Several neurodegenerative disorders are associated with impaired cholesterol homeostasis in the nervous system where cholesterol is known to play a role in modulating synaptic activity and stabilizing membrane microdomains. In the present report, we investigated the effects of methyl-beta-cyclodextrin-induced cholesterol depletion on synaptic transmission and on the expression of 1) paired-pulse facilitation (PPF); 2) paired-pulse inhibition (PPI) and 3) long-term potentiation (LTP) in the CA1 hippocampal region. Results demonstrated that cyclodextrin strongly reduced synaptic transmission and blocked the expression of LTP, but did not affect PPF and PPI. The role of glutamatergic and GABAergic receptors in these cholesterol depletion-mediated effects was evaluated pharmacologically. Data indicate that, in cholesterol depleted neurons, modulation of synaptic transmission and synaptic plasticity phenomena are sustained by AMPA-, kainate-and NMDA-receptors but not by GABA-receptors. The involvement of AMPA-and kainate-receptors was confirmed by fluorimetric analysis of intracellular calcium concentrations in hippocampal cell cultures. These data suggest that modulation of receptor activity by manipulation of membrane lipids is a possible therapeutic strategy in neurodegenerative disease.

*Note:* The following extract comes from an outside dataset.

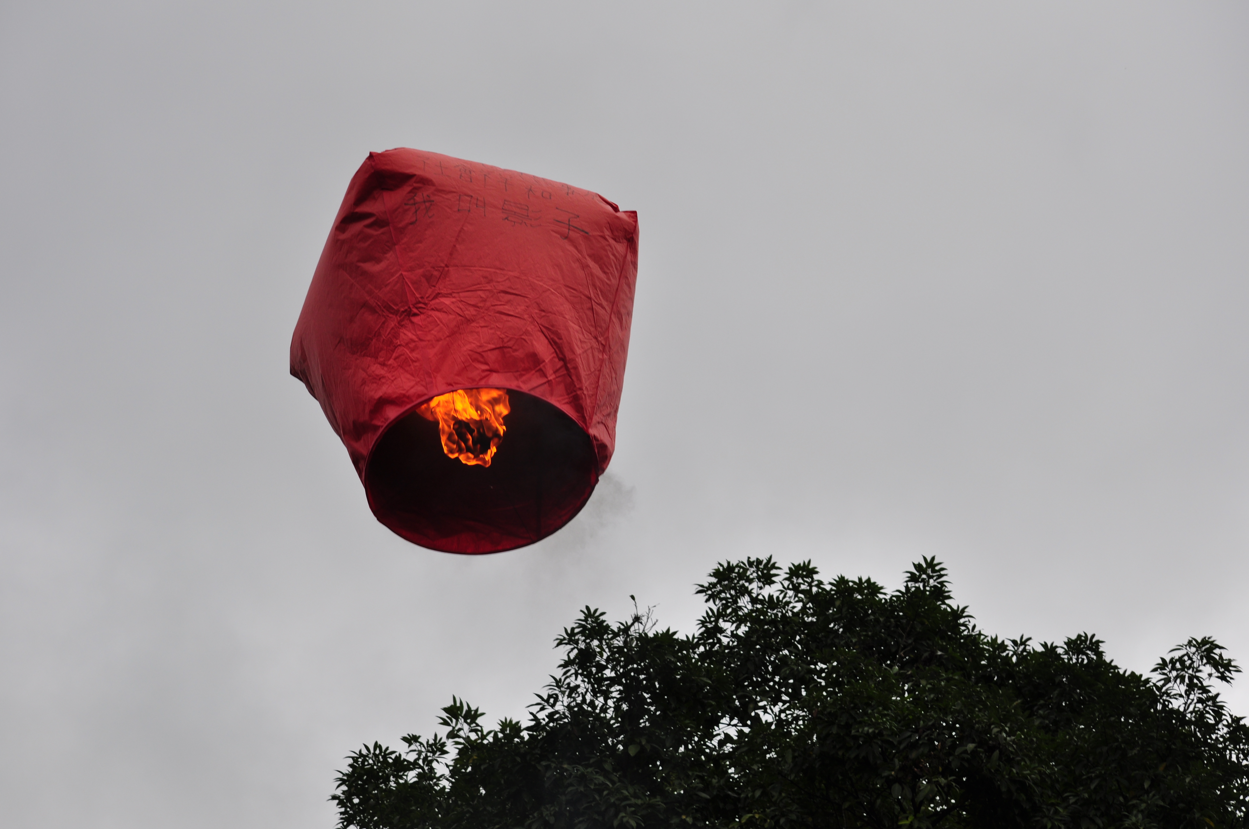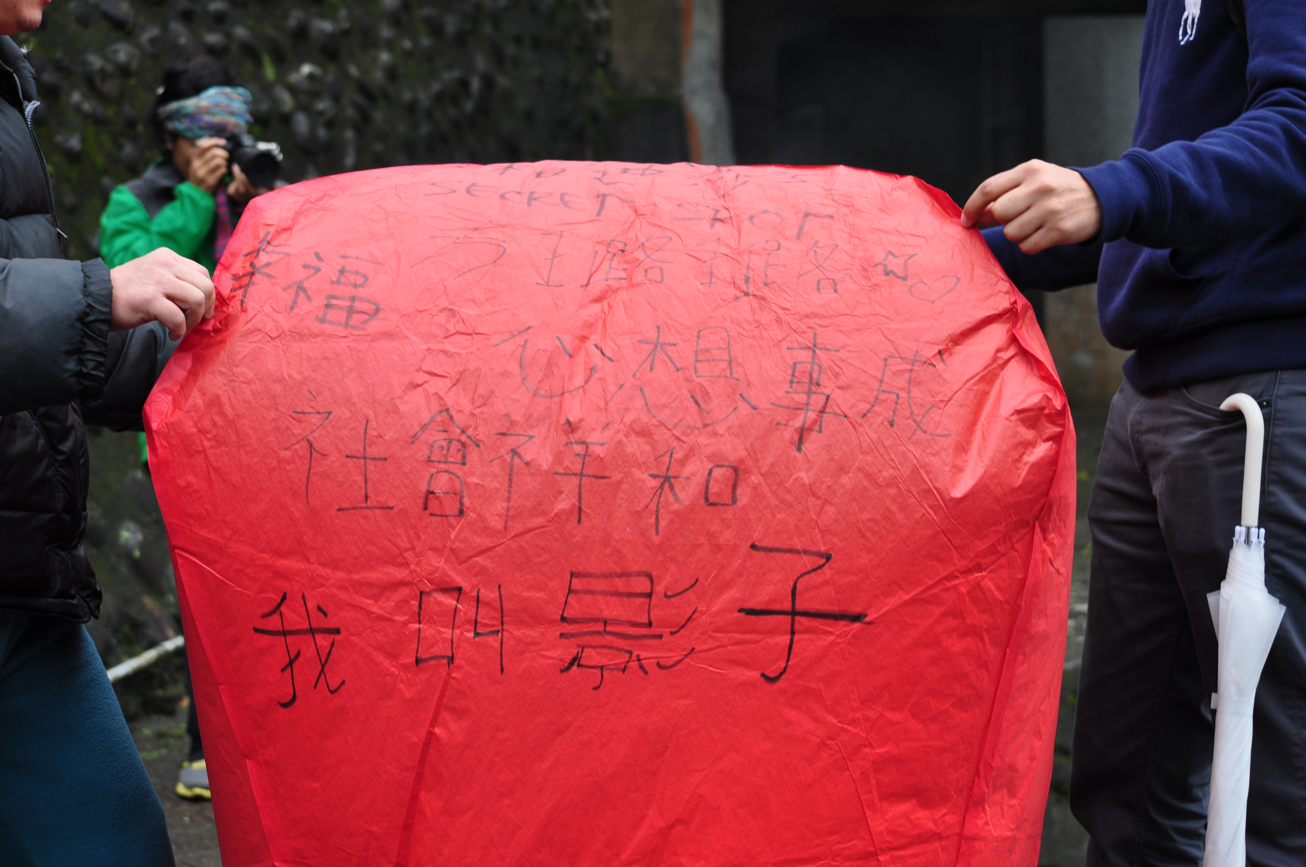 Pingxi is best known for its yearly Lantern Festival, which always occurs around Chinese New Year. Traditionally, people buy large paper balloons that they write wishes on. The balloons fill with hot air from a burning candle, burning spirit money, +c., + are released into the air!

机译:几种神经退行性疾病与神经系统中胆固醇动态平衡受损有关,其中已知胆固醇在调节突触活性和稳定膜微区中发挥作用。在本报告中,我们研究了甲基-β-环糊精诱导的胆固醇消耗对突触传递和1)配对脉冲促进(PPF)的表达的影响; 2)CA1海马区的成对脉冲抑制(PPI)和3)长期增强(LTP)。结果表明,环糊精可强烈降低突触传递并阻断LTP的表达,但不影响PPF和PPI。药理学评估了谷氨酸能和GABA能受体在这些胆固醇消耗介导的作用中的作用。数据表明,在胆固醇减少的神经元中,AMPA,海藻酸盐和NMDA受体可维持突触传递和突触可塑性现象的调节,而GABA受体则不能。通过荧光分析海马细胞培养物中细胞内钙浓度,证实了AMPA和海藻酸盐受体的参与。这些数据表明,通过操纵膜脂来调节受体活性是神经退行性疾病的一种可能的治疗策略。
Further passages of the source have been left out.